AgentV automatically:
- Promotes `prompt` → input messages
- Promotes `expected_output` → reference answer
- Converts `assertions` → LLM-grader graders
- Resolves `files[]` paths relative to the evals.json directory

If you're using the `agentv-bench` skill, it orchestrates these same AgentV commands.

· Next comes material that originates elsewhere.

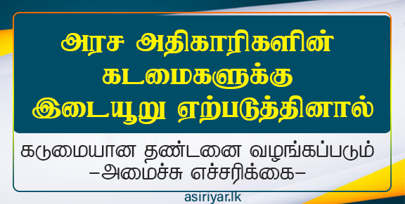அரச அதிகாரிகளுக்கு இடையூறு ஏற்படுத்தினால் கடுமையான தண்டனை
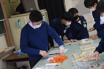12/14水 今日の豊野中~3年生家庭科おもちゃつくり、3年生理科地球儀、2年生理科実験

Code graders, grading, and artifact generation remain in AgentV core; the skill just orchestrates and summarizes the existing outputs.

## What You Gain

Moving from skill-creator's eval loop to AgentV's lifecycle skill gives you:

| Capability | skill-creator | AgentV lifecycle skill |
|-----------|---------------|----------------------|
| Workspace isolation | ❌ | ✅ Clone repos, run setup/teardown scripts |
| Code graders | ❌ | ✅ Python/TypeScript grader scripts via `defineCodeGrader()` |
| Tool trajectory scoring | ❌ | ✅ Evaluate tool call sequences |
| Multi-provider comparison | with-skill vs without-skill | N-way: Claude, GPT, Copilot, Gemini, custom CLI |
| Multi-turn evaluation | ❌ | ✅ Conversation tracking with `conversation_id` |
| Blind comparison | ❌ | ✅ Judge doesn't know which is baseline |
| Deterministic upgrade suggestions | ❌ | ✅ LLM-grader → contains/regex/is-json |
| Human review checkpoint | ❌ | ✅ Structured feedback gate |
| Workspace file tracking | ❌ | ✅ Evaluate by diffing workspace files |
| Agent mode (no API keys) | ❌ | ✅ Uses grader agent in agent mode |

## Artifact Compatibility

AgentV's companion artifacts are compatible with skill-creator's eval-viewer:

| Artifact | Format | Compatible with eval-viewer |
|----------|--------|---------------------------|
| `<test-id>/grading.json` | Per-assertion evidence with claims | ✅ Superset of skill-creator's per-test grading format |
| `benchmark.json` | Aggregate pass rates, timing, patterns | ✅ Superset of Agent Skills benchmark format |
| Results JSONL | Per-test results | ✅ Standard JSONL format |

AgentV's schemas are supersets — they include all fields skill-creator expects, plus additional fields (claims extraction, pattern analysis, deterministic upgrade candidates). Tools that read skill-creator artifacts will read AgentV artifacts correctly, ignoring the extra fields.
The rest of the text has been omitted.